The third conduit, on its turn, has bores close to one of its ends, which provide communication of the inside of the third conduit with the external region of the tube, the other end being connectable to a suction device, so that the secretions existing inside the tube can also be sucked. The orifices also remain in the back wall of the tube that is related to the back wall of the trachea, have a diameter equal to or smaller than that of the conduit that has given rise to them, and are in number of three in the oropharynx and three in the trachea, over the cuff 1 by one centimeter when the latter is totally inflated, and are away from each other by 1.5 centimeters.


In addition, the second and third conduits are connectable by their ends to a first 3-way connection means, coupled to the external suction device and provided with a switch that permits suction at each of the conduits separately or at both conduits at the same time. In this way, depending upon the position of the switch, either the secretions existing inside the tube alone can be sucked (through the second conduit) or the secretions existing in the external region of the tube (through the third conduit), as well as the secretions of both regions at the same time.

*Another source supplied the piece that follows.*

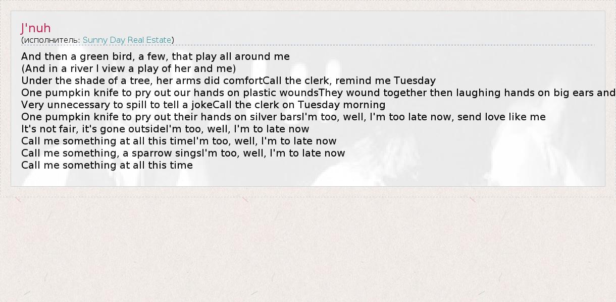 Call me something at all this timeI'm too, well, I'm to late now

According to an embodiment of the present invention, the first conduit is connectable to a second 3-way connection means, provided with a switch that enables one to control the operation mode of the probe. In this way, the probe may also be used in the conventional manner, with non-physiological pressure, depending upon the position of the switch. In this case, the cuff is inflated by injecting a fluid into one of the ways of the connection means and remains permanently inflated.


The probe is further provided with a second monitoring cuff, located around the first conduit, also linked to the inside of the first conduit in the region close to the opening of the tube that receives air insufflation, which is inflated and deflated at the same rhythm as the inflation and deflation of the first cuff takes place. The second cuff is used for monitoring the functioning of the first cuff, since it will only be inflated if the first cuff is intact. It is used mainly as a hypertension relief valve, since the cuff is elastic and extensible, absorbing any excess pressure, so that the cuff, at most, only rests against the trachea without damaging it. The trachea is more resistant than the satellite cuff. For this reason, the satellite cuff expands and even blows out in cases of too high pressure, making impossible the barotraumas over the trachea walls.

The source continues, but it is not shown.